ACTION ITEM
Write out exactly the lines between the line containing "Sukienka Deia to" and the end of the records, counting both ends, and leave out all pictures.

─── TASK DATA ───

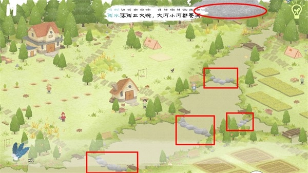 5、雨水要来啦!点击乌云使其降雨,之后点击石堆,石堆总共有四处,一处都别落下哦~等小河被雨水填满,就能进行下一步咯。
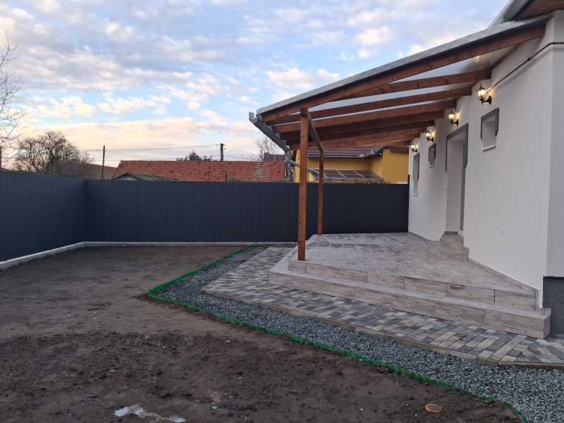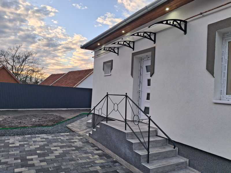 Békéscsabán, Jaminában, eladó egy 105 nm-es, felújított, téglafalazatú családi ház, újszerű állapotban. Azonnal költözhető. Irányár: 49,5 MFt Tel: +36205020207 Béksécsaba kedvelt kertvárosi részén, Jaminában található a 2025-ben felújított kockaház, mely 321 nm-es telken helyezkedik el. A téglafalazatú családi ház kívül belül megújult, és teljes korszerűsítésen esett át. A falakat újra vakolták, kívül hőszigeteltéssel és nemesvakolattal látták el. A mai trend szerinti kerítés és térkövezés, teraszburkolás és teraszfedés valósult meg. A belső felúíjtás is mindent érintett. A külső-belső nyílászárók vadonatújak, a villany-, vízvezetékekeket, és a szennyvízcsöveket is kicserélték. A szobákba laminált padlót, a többi helyiségbe járólapot fektettek. A fürdőszobában, és a WC-ben újak és modernek a szaniterek. A fűtésrendszert korszerű kondenzációs kazánnal és lapradiátorokkal szerelték fel. Az épület Dél-nyugati oldalán egy 26 nm-es fedett terasz húzódik a lakás teljes szélességében, ami egy kétszárnyas üvegezett ajtón közelíthető meg. Az udvar barátságos méretű, a kertszomszédok felől új lemezkerítés határolja. A zavartalan kikapcsolódást elősegíti, hogy ez nem enged rálátást a pihenőkertre. Az udvar viszonylag kicsi, de ápolt, esztétikus. A térkő és a zöld felületek összhangban állva ölelik körül a tágas teraszt. A terasz fedés is korszerű, a fa szerkezetet praktikusan egészíti ki a polikarbonát, ezáltal úgy tölti be a funkcióját, hogy közben nem árnyékolja le a házat. Három külön bejáratú szoba (18, 18, 9 nm) szolgálja a lakók kényelmét, valamint egy 38 nm-es amerikai konyhás nappali. A fürdőszobában és a mellékhelyiségben a gyönyörű burkolás, a szaniterek, bútorok jól átgondolt belső elrendezésével párosul. Külön háztartási helyiségben alakították ki a helyet a mosó és szárítógépnek. Nem kell ezeknek a fürdőszobában vagy a konyhában helyet szorítani, és a működésükkel járó zaj sem zavaró így. Az előszoba és a közlekedő részben szeparált, de egy légtérben helyezkedik el, az amerikai konyhás nappalival. A bolt egészen közel van, és a buszmegálló sincs túl messze, kb. 800 méter. Az óvoda és az iskola 1,5 km-ben belül helyezkedik el. A posta és az orvosi rendelő kb. 2 km-re van tőle. Aki szeret horgászni, annak jó hír, hogy szűk 1 km-re több nagy horgásztó található (Csaba-, Fás-, Kacsás-tó). Ez a természet és víz közeli környezet sok más kikapcsolódási formára nyújt még lehetőséget, pl. nordic walking, futás, lovaglás. Aki szeretne a megyeszékhelyen, de annak egy nyugodt, csendes, részén élni, annak ez lehet a tökéletes otthon! Aki el sem tudja képzelni, hogy egy felújítással bajlódjon, annak ez egy megvalósult álom! Ide azonnal be lehet költözni, még csak festeni sem kell! Tekintse meg!
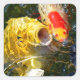 Closeup yellow carp koi (Cyprinus) on the water surface
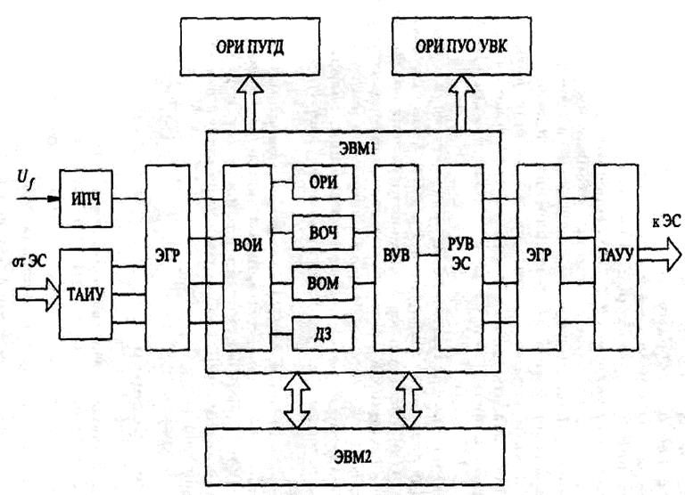 Автоматическое регулирование частоты и управление активной мощностью является главной задачей автоматизированного диспетчерского управления режимами работы ЭЭС, ОЭС и ЕЭС. Соответствующие автоматические устройства образуют централизованную автоматическую систему регулирования частотой и мощностью (ЦАРЧМ), функционирующую по ступенчато-иерархическому принципу. Нижним ее уровнем являются АСУ ТП гидро-, тепловых и атомных электростанций. Второй уровень образуют автоматические устройства, установленные на диспетчерских пунктах ЭЭС. В соответствии с расчетами по прогнозированию графика нагрузки и его оптимальному по технико-экономическим показателям выполнению УВК, используя технические средства передачи информации, выдают почасовые графики нагрузок - задания плановой мощности и определяют участие частоторегулирующих электростанций в покрытии изменений внеплановой мощности ЭЭС. Накопленный опыт эксплуатации аналоговой ЦАРЧМ способствовал разработке и внедрению цифровой автоматической системы регулирования частоты и мощности в ЕЭС с расширенными функциями и новыми свойствами: • способностью приспосабливаться (свойством адаптации) к изменениям режимов работы и складывающейся ситуации в ОЭС и ЕЭС; • обеспечением технически рационального совместного использования гидравлических и тепловых электростанций в общем процессе производства и передачи электроэнергии; • реализацией сложных взаимосвязей при анализе текущих режимов, выявлением их нарушений и определения оптимальных управляющих воздействий; • повышением работоспособности управляющего комплекса в целом и предотвращением неправильных его действий при неисправностях отдельных элементов; • • обеспечением диспетчера информацией, достаточной для оценки текущего режима и контроля за его изменениями при действии ЦАРЧМ. Высокие требования к надежности функционирования ЦАРЧМ обусловили ее осуществление на двух комплектах цифровых ЭВМ, взаимно контролируемых и резервируемых. Для наиболее полного использования ресурсов ЭВМ принято несимметричное математическое обеспечение: первая ЭВМ1 — ведущая, а вторая ЭВМ2, резервирующая ее, — ведомая. Первая производит вычислительную обработку информации ВОИ, поступающей от телеавтоматических информационных устройств ТАИУ, и выполняет все расчеты по автоматическому управлению (по программам вычислений интегральных отклонений частоты ВОЧ и мощности ВОМ, программам вычислений управляющих воздействий ВУВ и их распределения по электростанциям РУВ ЭС). Вторая дублирует расчеты первой, выполняет вспомогательные операции и выдает оперативную (рабочую) информацию для ее отображения и регистрации ОРИ на пульт управления оператора ПУО управляющего вычислительного комплекса УВК и пульт управления главного диспетчера ПУГД. Исполнение результатов расчетов разрешается только при их идентичности на выходах обеих исправных ЭВМ. Взаимный контроль ЭВМ производится периодическим обменом сигналами, подтверждающими их работоспособность. При отказе одной из ЭВМ ее функции выполняет другая — автоматическая система переходит в одномашинный режим работы, в котором производится специальный контроль, выявляющий отказы, остановы или ложную работу и запрещающий передачу регулирующих воздействий на электрост
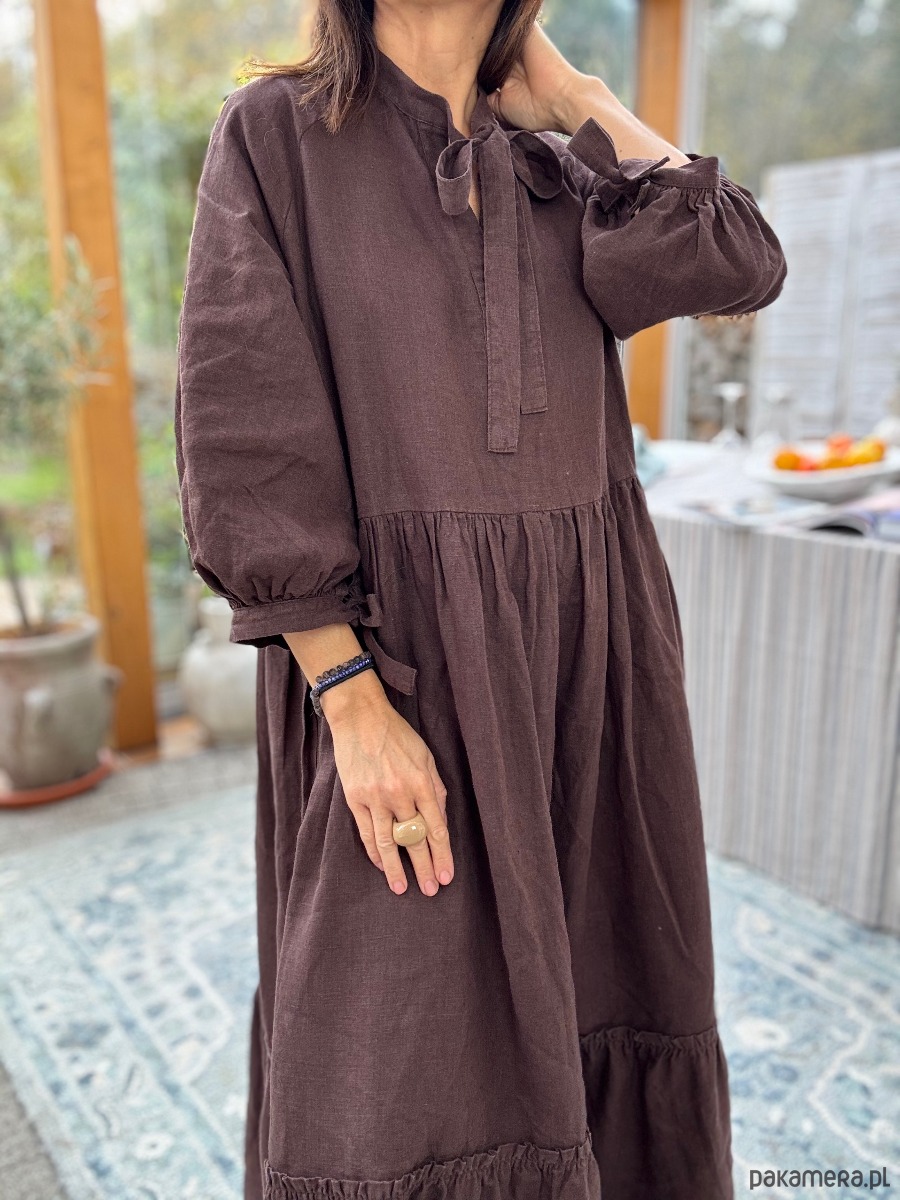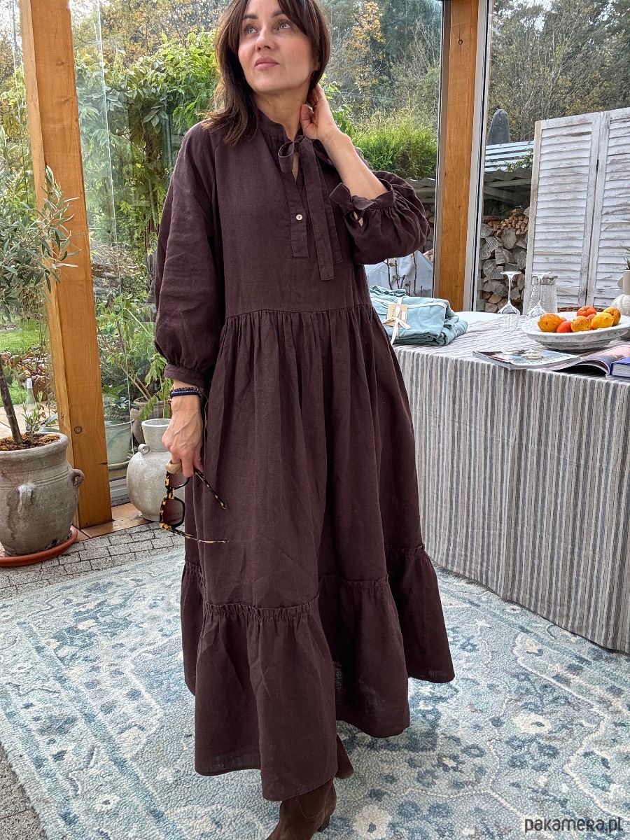 Sukienka Deia to swobodna interpretacja stylu boho w naturalnym wydaniu. Uszyta z 100% lnu o gramaturze 205 g/m², zapewnia lekkość, przewiewność i komfort noszenia niezależnie od pory roku. To propozycja dla osób, które cenią naturalne tkaniny, prostą formę i ponadczasowy styl.
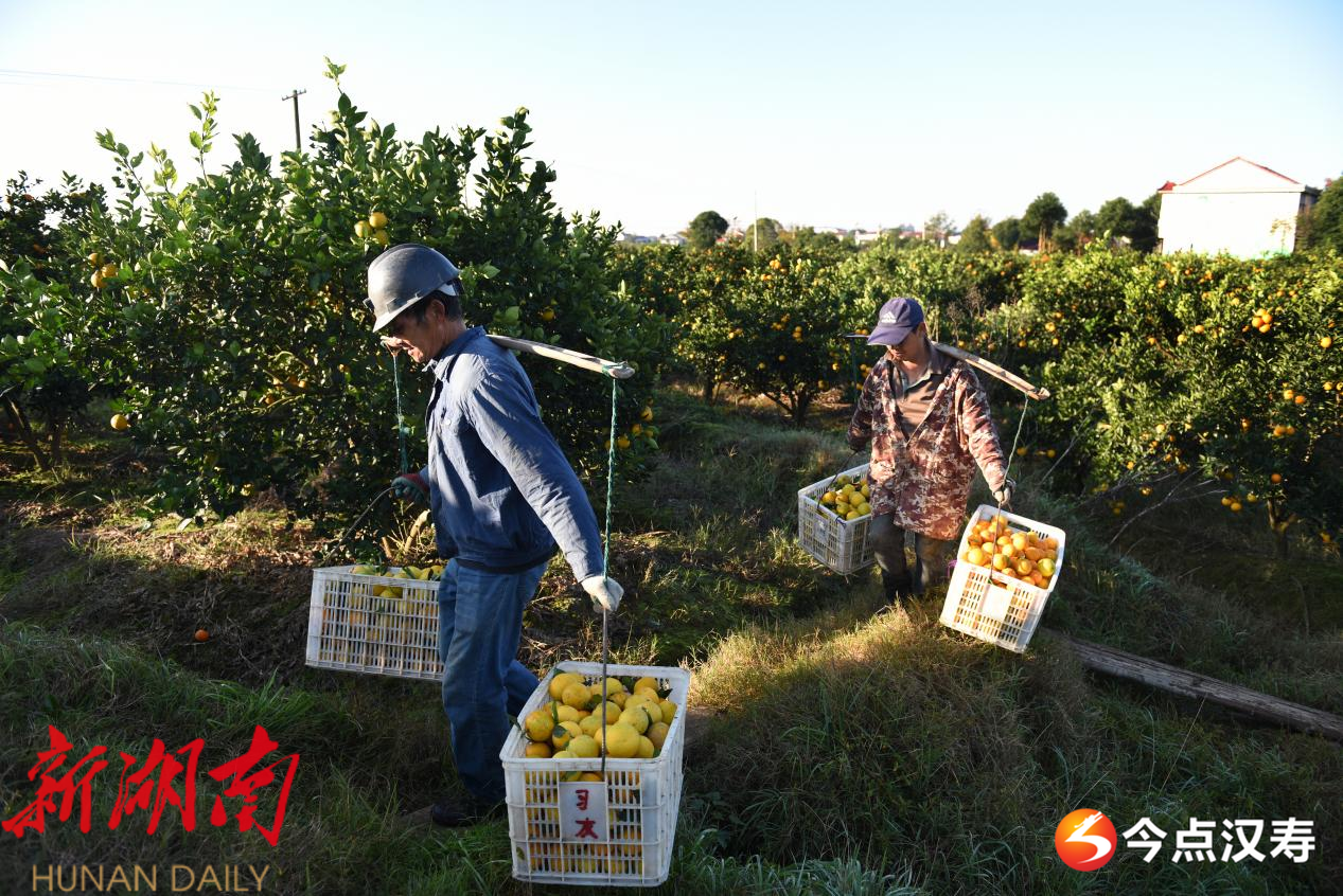 果园里,村民们正忙碌地采摘着成熟的糖橙,肩挑满筐的果实在林间穿梭,采摘、搬运、分拣、装袋等环节井然有序,展现着村民们默契的协作精神。额间的汗珠、掌心的老茧,与脸上洋溢的幸福笑容,共同诉说着劳动的光荣与收获的喜悦。

───

FINISHED EXERCISE
 Sukienka Deia to swobodna interpretacja stylu boho w naturalnym wydaniu. Uszyta z 100% lnu o gramaturze 205 g/m², zapewnia lekkość, przewiewność i komfort noszenia niezależnie od pory roku. To propozycja dla osób, które cenią naturalne tkaniny, prostą formę i ponadczasowy styl.
 果园里,村民们正忙碌地采摘着成熟的糖橙,肩挑满筐的果实在林间穿梭,采摘、搬运、分拣、装袋等环节井然有序,展现着村民们默契的协作精神。额间的汗珠、掌心的老茧,与脸上洋溢的幸福笑容,共同诉说着劳动的光荣与收获的喜悦。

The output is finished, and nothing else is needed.